_Aim of the exercise_
Transcribe the listing below exactly, without pictures.

_Data extract_

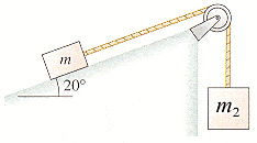 The figure below shows a block of mass m resting on a 20° slope. The block has coefficients of friction µs = 0.74 and µk = 0.52 with the surface. It is connected via a massless string over a massless, frictionless pulley to a hanging block of mass 2.0 kg.
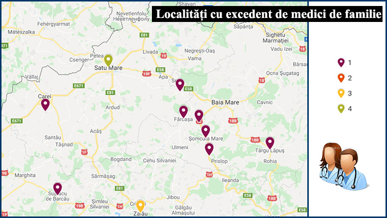 Sunt și localități care au un excedent de medici de familie. În localitățile Pomi și Tiream, fiecare are un medic în plus față de normele prevăzute prin lege, iar în municipiul Satu Mare, datele prevăd un număr de 66 de medici, dar înregistrați sunt 67 la CNAS și trei ai casei OPSNAJ, Casa Asigurărilor de Sănătate a Apărării, Ordinii Publice, Siguranței Naționale și Autorității Judecătorești.
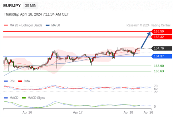 欧元/日元 当日内: 看涨,当 164.37 为支撑位。

_Task output_
 The figure below shows a block of mass m resting on a 20° slope. The block has coefficients of friction µs = 0.74 and µk = 0.52 with the surface. It is connected via a massless string over a massless, frictionless pulley to a hanging block of mass 2.0 kg.
 Sunt și localități care au un excedent de medici de familie. În localitățile Pomi și Tiream, fiecare are un medic în plus față de normele prevăzute prin lege, iar în municipiul Satu Mare, datele prevăd un număr de 66 de medici, dar înregistrați sunt 67 la CNAS și trei ai casei OPSNAJ, Casa Asigurărilor de Sănătate a Apărării, Ordinii Publice, Siguranței Naționale și Autorității Judecătorești.
 欧元/日元 当日内: 看涨,当 164.37 为支撑位。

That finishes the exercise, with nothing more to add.